I am not a developer, but it looks like from the documentation optimization is not supported in PyStan 3.0 (Upgrading to Newer Releases — pystan 3.2.0 documentation)

The default, recommended HMC sampler is fully supported. Variational inference, maximization algorithms, and other sampling algorithms are not supported. Users who need these features should consider using different software (e.g., CmdStan, CmdStanPy, jax, PyTorch).

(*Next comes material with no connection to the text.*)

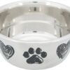 De Trixie RVS Print Schets 13 cm 500 ml is een moderne dubbele voerbak met leuke print voor de hond met binnenzijde van glad RVS en rubberen ring om schuiven te voorkomen. Door de gladde binnenkant van RVS zijn de voerbakken geschikt voor zowel droogvoer, natvoer als water en gemakkelijk te reinigen. De buitenkant is voorzien van een leuke, gepoedercoate print met hartjes en pootafdrukjes. De slipvaste ring aan de onderkant voorkomt dat de bak tijdens het eten verschuift.

My guess is that CmdStanPy would be easiest to implement without disrupting your workflow too much.

No support for optimization is planned right now. PyStan 3 is narrowly focused on supporting sampling-based workflows.

That said, I do very much want to add a tutorial about how to use jax or pytorch and pystan 3 to do MAP estimation. Such a tutorial would be sufficiently concise that it could fit in an FAQ item.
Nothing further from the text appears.